Crowds huddle in the up-market shop fronts of Regent Street, bodies flat against the grey stone and cold glass. The sudden heavy rain has driven all but the toughest and best prepared from the streets. Fabulous this is not. Indeed, I wonder whether this is proof that God really does hate gays.
London has, in one form or another, been celebrating all that is L, G, B, T and plus since 1972, although more recent outings look to have been a darn sight more cheerful than those of earlier years. London’s annual gay pride march: what started as a protest in commemoration of the 1969 Stonewall riots has transformed into a street-closing, capital-stopping carnival that draws interest from groups as diverse as Amnesty and CitiBank. And it increasingly has the support of the establishment: Sarah Brown famously took part in when her husband was in Number Ten, and even Boris Johnson has turned up in previous years.
The rain eventually subsides. Those of us dressed for sun drift out from under the awnings – my sister had gone on a mercy dash to Liberty – to join the umbrella-carrying classes at the barriers in the centre of the street. Things get off to an inauspicious start. A committed God-botherer with a microphone has taken it upon himself to provide the pre-march entertainment, which seems to consist chiefly of hell-fire and brimstone. He cuts a lonely figure as he plods up Regent Street, and is politely ignored save for a burly-looking gentleman traipsing along behind brandishing a “God made me gay” t-shirt. He turns back as our God-fearing friend is accosted by an earnest police office, but not before he’s received a small cheer for his subversive efforts.
We kick off motor cycles – a whole flotilla of them. Rainbow flags abound: on handlebars, on helmets, big ones, small ones. It doesn’t really go with the big-man, black-leather biker look, but then gay men aren’t all mincing fashionistas itching to give us a showtune.
As a rule, those marching fall into four groups: the angry, the outrageous, the friendly and the corporate. The first consists mainly of protest groups – Peter Tatchell, international LGBT+ rights groups (the Ugandan flags are especially poignant given recent developments there), Stonewall and the like.
Into the second category fall the more Notting Hill-style participants. People wearing nearly everything, people wearing nearly nothing, people wearing things you didn’t even know could be worn. One gentleman has a menagerie of small toys posing on a two-foot high hat. Drag queens feature heavily; one of them comes over to say hello after an intense bout of whooping on our part. In a case of life imitating Flashdance, it transpires that she is a builder by day, dancer by night, though I’m afraid that she looks a little bulky to spending much time bending backwards over chairs.
But all are blown away by my favourite entrant in the outrageous category: Jackie Kennedy (it’s a bloke, of course) sat in a cross between FAB 1 and a hummer, waving delightedly as her dead, dummy husband languishes in the back seat. She even has a security detail. Goodness only knows who she’s representing, but I can’t say that it much matters! Close second is drag Thatcher, although she’s a little cheerful to be truly convincing, even if the costume is bloody good, right down to the handbag.
The friendly groups are the lesbian mums, gay dads – lots have brought the kids with them, many of them too young to notice that having two daddies is still outside the norm – and the buses of older people who should have had the chance to do this decades ago. One man comes down on a mobility scooter, waving majestically, the banner sticking out of his basket declaring that he is “the oldest gay in the village”. You can see in their faces that it means more to them than it does to anyone else.
The corporate groups are the slickest and, perhaps predictably, consistently among the largest. It does feel slightly strange to be cheering companies such as BAE Systems – “Hooray for the military-industrial complex!” – but I suppose it’s about people more than corporations, so I endeavour to shelve my politics for the afternoon. I do, however, draw the line at cheering for the Conservative party. Old habits die hard. On the subject of partisan politics, the Labour party have by far the best stickers: “Never kissed a Tory”, they proclaim in proud, socialist red.
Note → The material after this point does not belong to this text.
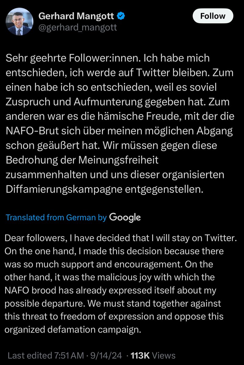 While bemoaning NAFO’s dirty methods Gerhard was reduced to calling us idiots, clowns, fools and a brood 🤷♂️.

They give one to my friend Ciara, even those she once did kiss one of Them, but the marchers don’t seem to be in a vindictive mood.
Which brings me on to the most important part of the day: the stickers. I collected more than last year, and that is all that counts. By the time I sashay away, the front of my shirt is more sticker than fabric: I am a walking advert for everything from gay scouts to sexual health clinics.
Ciara, fresh from covering up the doctrinal failings of her private life, sums things up better than I could. London Pride, she says, does away with the idea that to be LGBT+ is to accept minority status. And she’s right. Thousands of people have turned out to celebrate a section of the population that until painfully recently was almost invisible. Yet LGBT+ people have claimed one of the most colourful spaces in British public life. And with that, we’re off to Soho for a cheeky drink.